Paolo stared at his grandfather talking face to face with Benvenuto. He had always treated Benvenuto with respect himself, of course. It was well known that Benvenuto would not sit on your knee, and scratched you if you tried to pick him up. He knew all cats helped spells on wonderfully. But he had not realized before that cats understood so much. And he was sure Benvenuto was answering Old Niccolo, from the listening sort of pauses his grandfather made. Paolo looked at his father to see if this was true. Antonio was very ill at ease. And Paolo understood from his father’s worried face that it was very important to be able to understand what cats said, and that Antonio never could. I shall have to start learning to understand Benvenuto, Paolo thought, very troubled.
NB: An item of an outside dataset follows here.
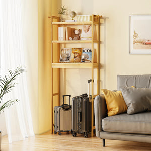 The design with two bamboo hooks on both sides of the top of the shelf will be more stable than the design on the market; Can hang clothes, towels, etc
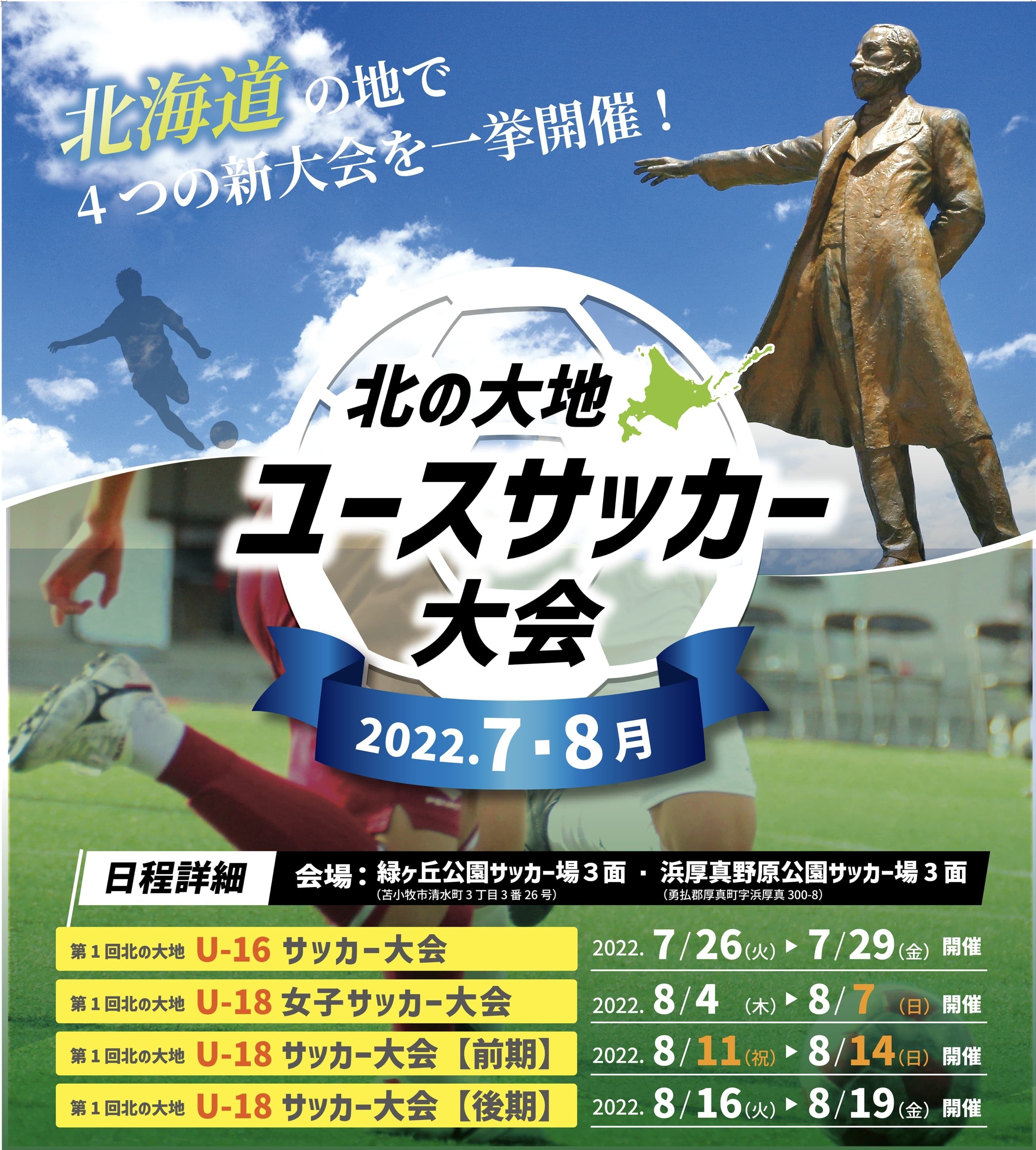 北の大地ユースサッカー大会では、下記の4大会を一挙開催いたします!

“Which of you would you suggest?” asked Old Niccolo. Benvenuto raised his right front paw and gave it a casual lick. Old Niccolo’s face curved into his beaming baby’s smile. “Look at that!” he said. “He’ll do it himself!” Benvenuto flicked the tip of his tail sideways. Then he was gone, leaping back to the window so fluidly and quickly that he might have been a paintbrush painting a dark line in the air. He left Aunt Francesca and Old Niccolo beaming, and Antonio still looking unhappy. “Tonino is taken care of,” Old Niccolo announced. “We shall not worry again unless he worries us.”
Chapter 2
Tonino was already feeling soothed by the bustle in the golden streets of Caprona. In the narrower streets, he walked down the crack of sunlight in the middle, with washing flapping overhead, playing that it was sudden death to tread on the shadows. In fact, he died a number of times before he got as far as the Corso. A crowd of tourists pushed him off the sun once. So did two carts and a carriage. And once, a long, gleaming car came slowly growling along, hooting hard to clear the way.